Ideologically disparate though the two politicians are, Romney’s candidacy this year shares many of the vulnerabilities exhibited by then-Sen. Clinton four years ago. That is enough to give pause to anyone who sees him as the inevitable Republican nominee.
Clinton entered the campaign having upset the Democratic grassroots with her October 2002 Senate vote authorizing President Bush to use force in Iraq.
She never neutralized that problem. It put her on the wrong side of the defining issue of the campaign’s early stages. It also pulled her into alignment, however inexactly, with an incumbent president who was viewed with outright loathing by many members of the Democratic base.
The same thing can be said of the healthcare reforms Romney enacted while governor of Massachusetts. These, particularly the individual mandate to buy health insurance, foreshadowed President Obama’s 2010 federal reform — something that Obama advisers such as David Axelrod have mischievously emphasized.
Many conservatives question how effective Romney could be against Obama next year on this key issue, given his past position — the same line of concern that liberals voiced about Clinton on Iraq in 2007 and 2008.

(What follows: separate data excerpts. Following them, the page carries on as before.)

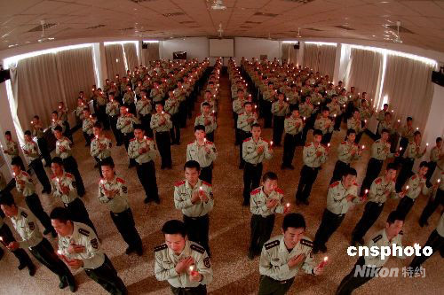 5月14日,武警河北總隊(duì)石家莊市支隊(duì)機(jī)動(dòng)大隊(duì)的官兵們,點(diǎn)燃手中的蠟燭,唱響“祝你平安”、“讓世界充滿愛”等歌曲,為在四川汶川等地地震災(zāi)害中受災(zāi)的同胞祈福。中新社發(fā) 余洪恩 攝
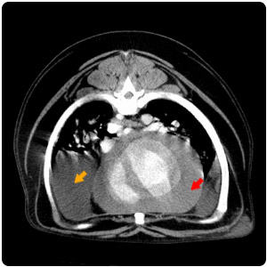 胸腔積液(黃)、心包囊積液(紅) |
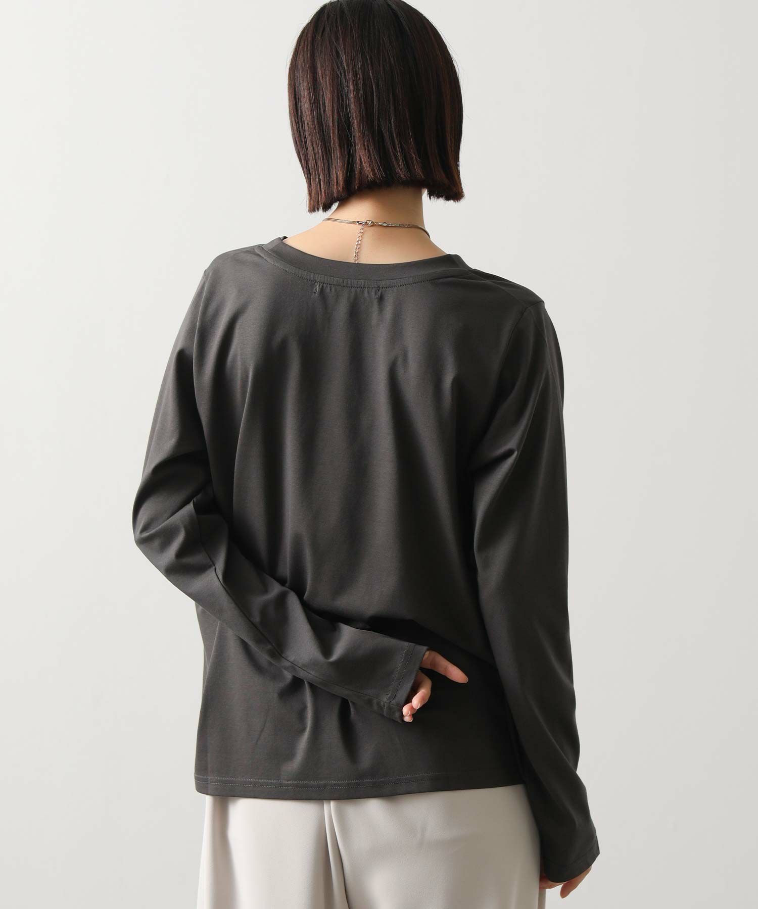 ジャケットやカーディガンのインナーとしてはもちろん、サロペットやレイヤードスタイルにもオススメ。日常のカジュアルを品良く格上げしてくれる、大人な1枚。
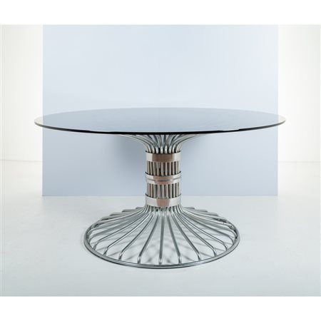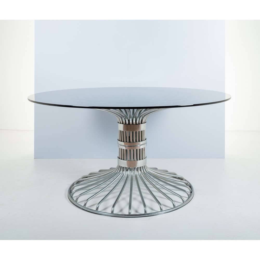 Tavolo da pranzo in tubolare di acciaio cromato e curvato, piano circolare in vetro fumè.
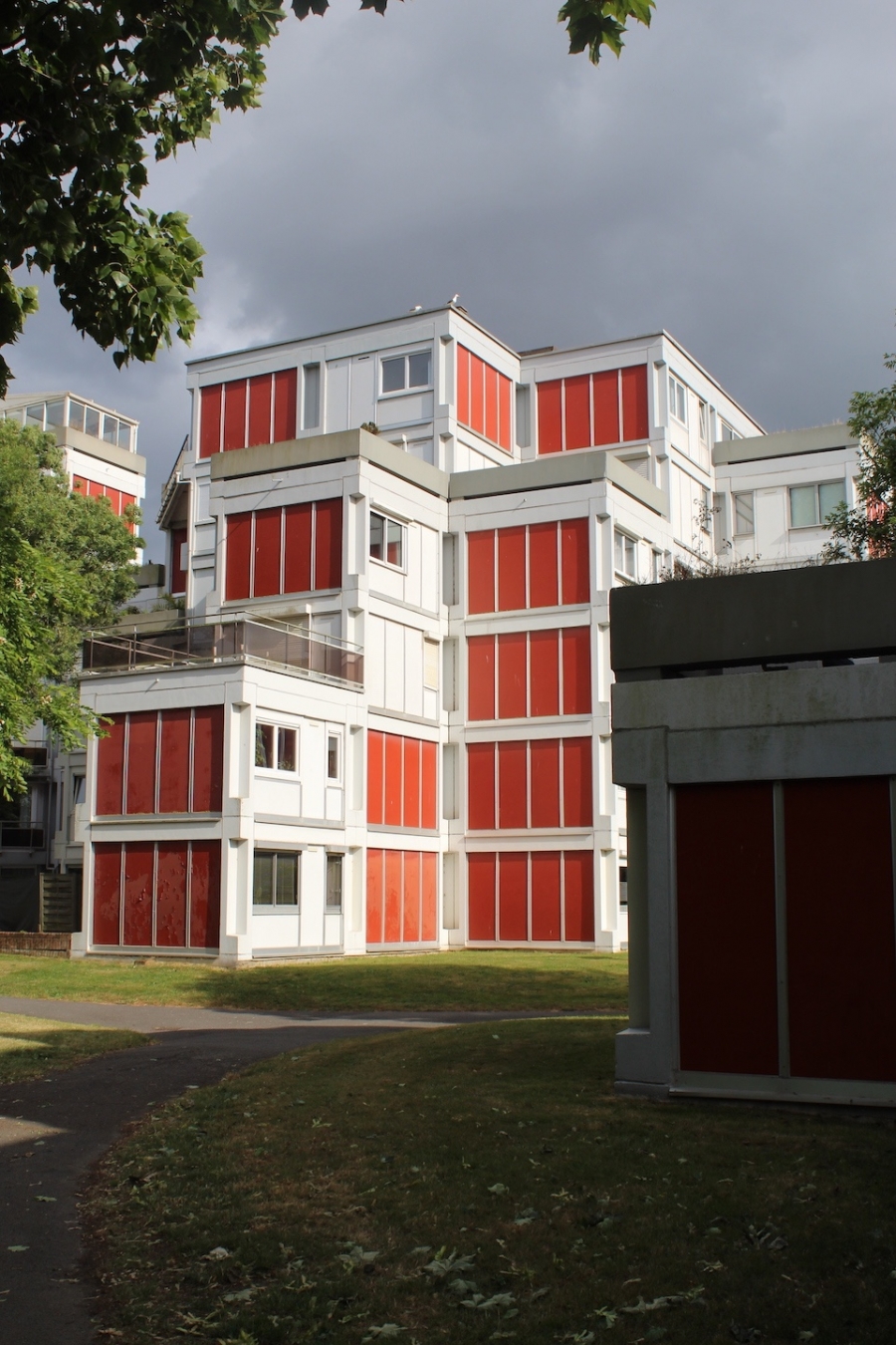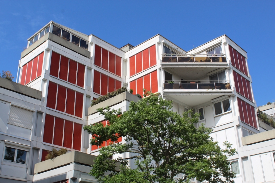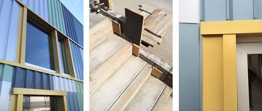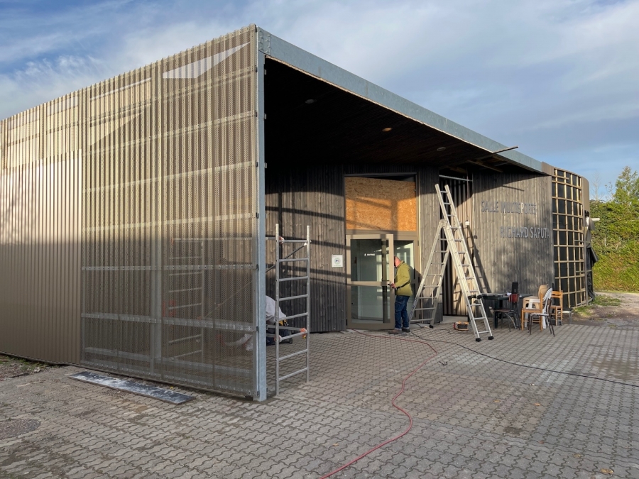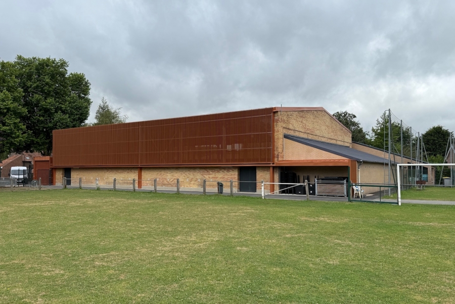 L’enveloppe du complexe sportif est isolée par l’extérieur sur l’extension et les vestiaires et par l’intérieur lorsque la brique existante veut être gardée apparente, à l’image du pignon principal. La salle René Werquin fait ainsi « peau neuve » en se parant d’un revêtement de façade en acier de couleur rose cuivré, une teinte complémentaire aux nuances de jaune de la brique existante. Le bardage de l’extension, celui de l’ITE des vestiaires et les brise-soleil de la salle se déclineront en tôle acier parfois pleine, parfois perforée, jouant avec les rythmes des pliages pour animer les façades du complexe sportif.
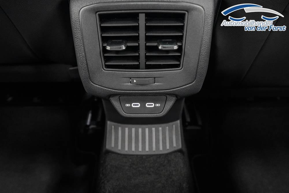 Beifahrersitz höhenverstellbar, Fahrersitz höhenverstellbar, Sport-Lederlenkrad, Lendenwirbelstütze vorne, Mittelarmlehne vorne, Sitzbezug Stoff, Sportsitze, geteilt umklappbare Rücksitzlehne, Lenkrad höhenverstellbar, Ambiente-Beleuchtung, Multifunktionslenkrad, Isofix, Beifahrersitz umklappbar, abgedunkelte Scheiben, 19 Zoll Alufelgen Misano, Dachreling schwarz, Außenspiegel in Schwarz, Türgriffe in Wagenfarbe, ABS, Außenspiegel elektrisch einstell-/anklappbar, Fensterheber elektrisch, Klimaautomatik, Kopfairbags, Seitenairbags, Servolenkung, Sitzheizung, ESP, Wegfahrsperre, Zentralverriegelung mit Funk, Außenspiegel beheizbar, Beifahrerairbag, Fahrerairbag, Parkpilot hinten, Parkpilot vorne, Reifendruckkontrolle, Regensensor, Lichtsensor, Digital Cockpit, Anhängekupplung abnehmbar, Tempomat Abstand ACC, Fernlichtassistent, Notbremsassistent, Spurhalteassistent, Verkehrszeichenerkennung, LED PLUS-Scheinwerfer, LED-Tagfahrlicht, Pannenset, Rückfahrkamera, Park-Assistent, Panoramadach, Elektrische Heckklappe Virtual Pedal, Keyless Access, StartStopSystem, Winterpaket, Innenspiegel automatisch abbl., Müdigkeitswarnsystem, Notrufsystem, Schaltwippen, Geschwindigkeitsbegrenzer, Android Auto, Apple Carplay, Freisprecheinrichtung, Induktionsladestation, USB Typ-C, Radio DAB, Bluetooth inkl. Handykopplung, Bordcomputer, Navigation Media, App-Connect Wireless, LED-Rückleuchten, Dachhimmel schwarz, Black Style Paket, 4 Jahre bis max. 80.000km Herstellergarantie,
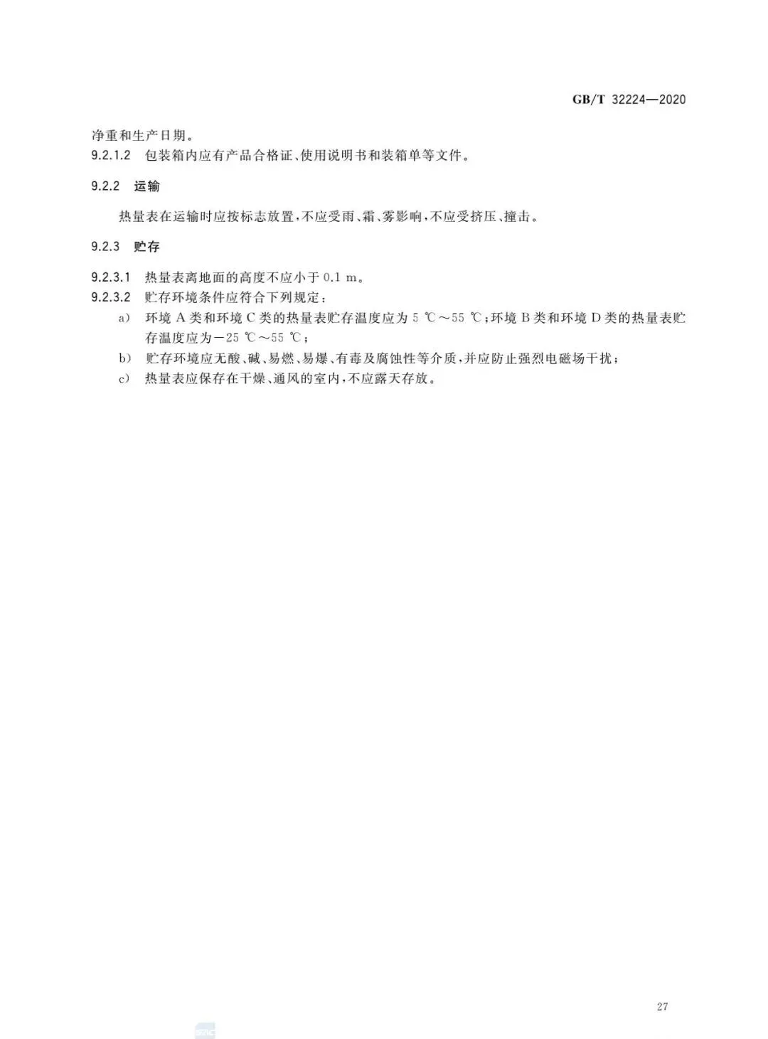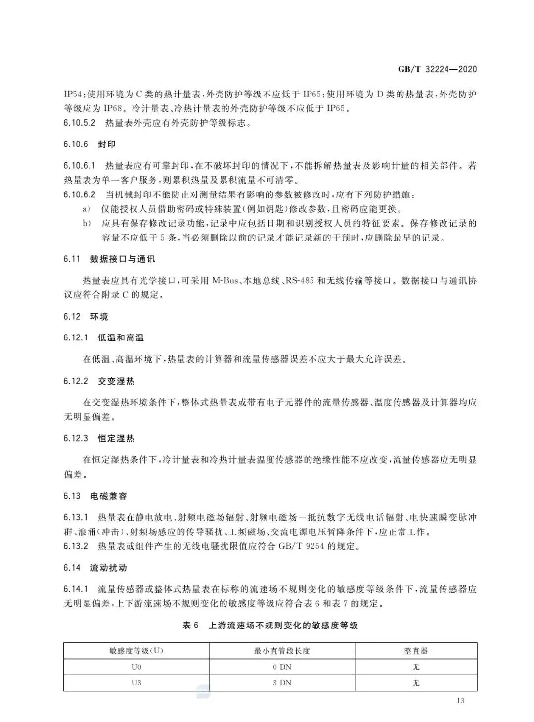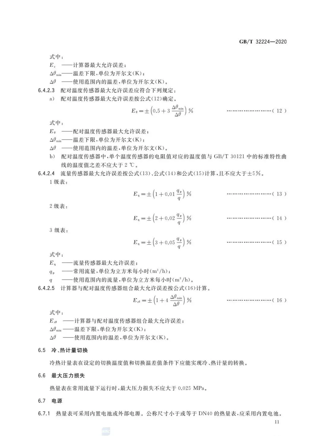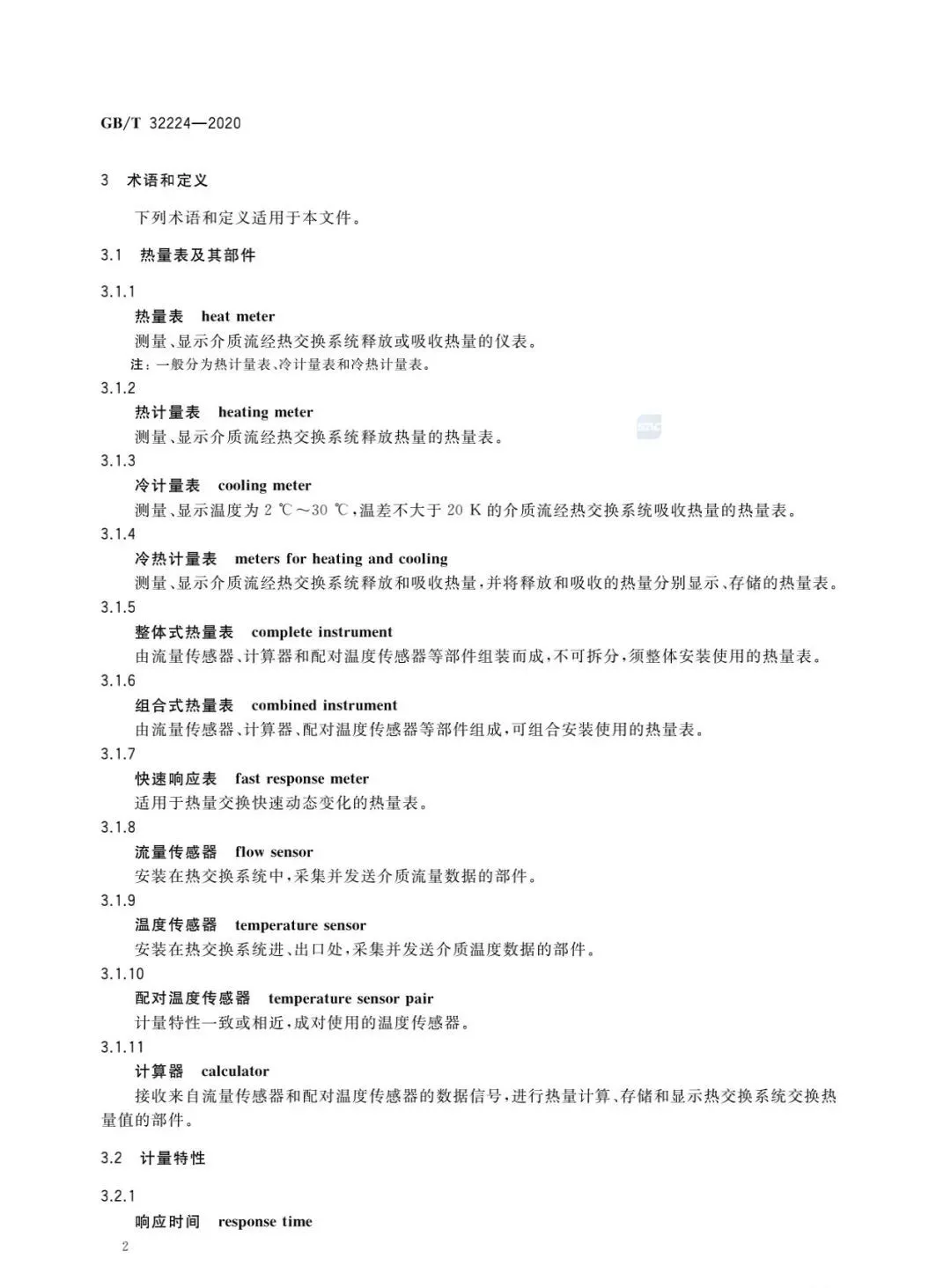 熱量表標準(GB/T 32224-2020)適用于使用介質(zhì)為水的熱量表的制造與檢驗。當使用介質(zhì)為其他液體時(shí),在獲得液體的質(zhì)量焓及密度參數后可按本標準執行。
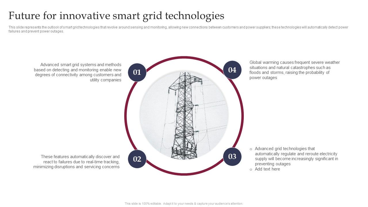 This slide represents the outlook of smart grid technologies that revolve around sensing and monitoring, allowing new connections between customers and power suppliers these technologies will automatically detect power failures and prevent power outages. Do you have to make sure that everyone on your team knows about any specific topic I yes, then you should give Smart Grid Technology Future For Innovative Smart Grid Technologies Microsoft PDF a try. Our experts have put a lot of knowledge and effort into creating this impeccable Smart Grid Technology Future For Innovative Smart Grid Technologies Microsoft PDF. You can use this template for your upcoming presentations, as the slides are perfect to represent even the tiniest detail. You can download these templates from the Slidegeeks website and these are easy to edit. So grab these today.
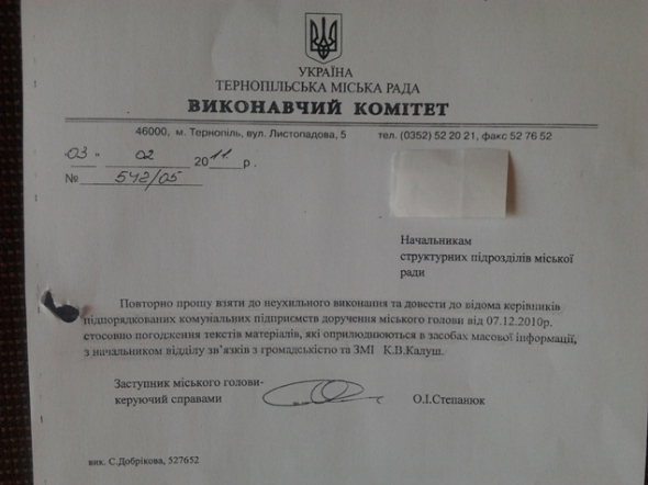 Глава города объяснил, что такое поручение было сделано для того, чтобы правильно информировать тернополян о том, что происходит в городском совете.
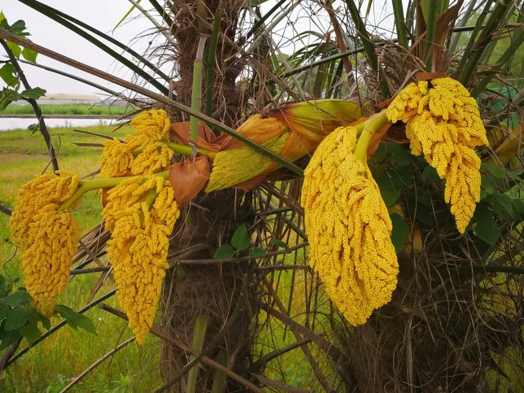 4-5月份棕榈花开,剪下金黄色的棕榈花,可以炒菜、煲汤,多的晒干储存。4-5月份棕榈花开,剪下金黄色的棕榈花,可以炒菜、煲汤,多的晒干储存。

There is also a larger problem in both cases. These positions reinforce a pre-existing perception that both Romney and Clinton have malleable principles.
(...) “Voters are so skeptical of all things political these days that they put a huge premium on authenticity,” said Republican strategist Mark McKinnon. “Hillary Clinton had an authenticity problem and so does Mitt Romney.”
But, McKinnon added, “Clinton has evolved and her perception now as a competent leader makes up for any other perceived deficiencies. Romney should take notes.”
(...) Romney loyalists can take heart from one of the most enduring patterns in American politics. The GOP has been less likely than the Democratic Party to throw an establishment candidate overboard in favor of someone who tugs at their heart strings.
Kyle Kondik of the University of Virginia Center for Politics argues that the past half-century furnishes only one example of a real outsider winning the GOP nomination — Sen. Barry Goldwater’s vanquishing of the northeastern establishment forces surrounding New York Gov. Nelson Rockefeller in 1964.
“Republicans have been fairly hierarchical in their presidential nominations,” Kondik said. “The last 50 years of Republican nominations argues in favor of Romney, because he lost last time and is a top-line contender back for another shot.”
Others suggest that the current climate, with its distaste for Washington in general and the rise of the Tea Party in particular, might mean that these long-term historical precedents have little bearing.
“This is not a year when being the ‘next guy in line’ helps as much as it has in the past,” Appell said. “In all the polls, the total support among conservative/Tea Party candidates has been far more than that of the GOP establishment candidates. Romney has never closed the sale with these voters, and he needs to hope their support remains divided.”
He needs to hope, in other words, that none of his rivals has the potential to be a Republican Obama.
So far, he seems a strong bet. [But] this time four years ago, so did Clinton.